De beslagvrije voet is een deel van het inkomen van een schuldenaar waar schuldeisers geen beslag op mogen leggen, omdat dit nodig is om van te leven. Het doel van de vereenvoudiging is om te voorkomen dat schuldenaren niet minder geld krijgen dan waar zij recht op hebben. In een brief schrijft de staatssecretaris: ,,In de praktijk blijkt dat het regelmatig mis gaat met het vaststellen van de hoogte van de beslagvrije voet.”

Als werkgevers te maken krijgen met een loonbeslag, dan dienen zij ook rekening te houden met de beslagvrije voet. In het huidige systeem moet de werknemer zelf een hoop informatie verstrekken, zoals zorgkosten en toeslagen. Als die gegevens niet volledig zijn of niet correct zijn, dan valt de beslagvrije voet te laag uit.

Vast bedrag
Door de berekening op basis van factoren te vervangen door een vast bedrag, hoopt het kabinet de problemen rondom de beslagvrije voet te verhelpen. Dit vaste bedrag wordt dan gebaseerd op de leefsituatie van de werknemer.
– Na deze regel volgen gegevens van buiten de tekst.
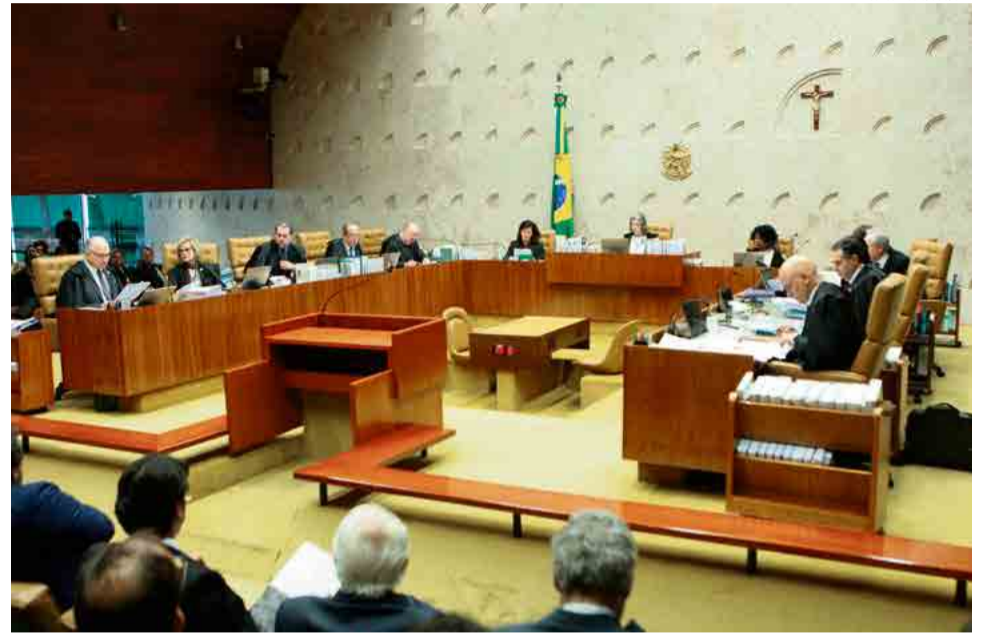
Sessão teve duração de mais de dez horas

O ex-presidente iniciará o cumprimento da pena em uma sala de 15 metros quadrados com banheiro, no quarto andar da Superintendência da Polícia Federal em Curitiba. O despacho de Moro justifica a escolha da sala reservada como um ambiente "sem risco para a integridade moral ou física".

Een alleenstaande werknemer zonder kinderen krijgt bijvoorbeeld een lagere beslagvrije voet dan een werknemer die drie kinderen heeft.

Een concreet wetsvoorstel moet in 2016 klaar liggen, maar werkgevers, werknemers en salarisadministrateurs kunnen zich alvast opmaken voor deze vereenvoudiging van de beslagvrije voet.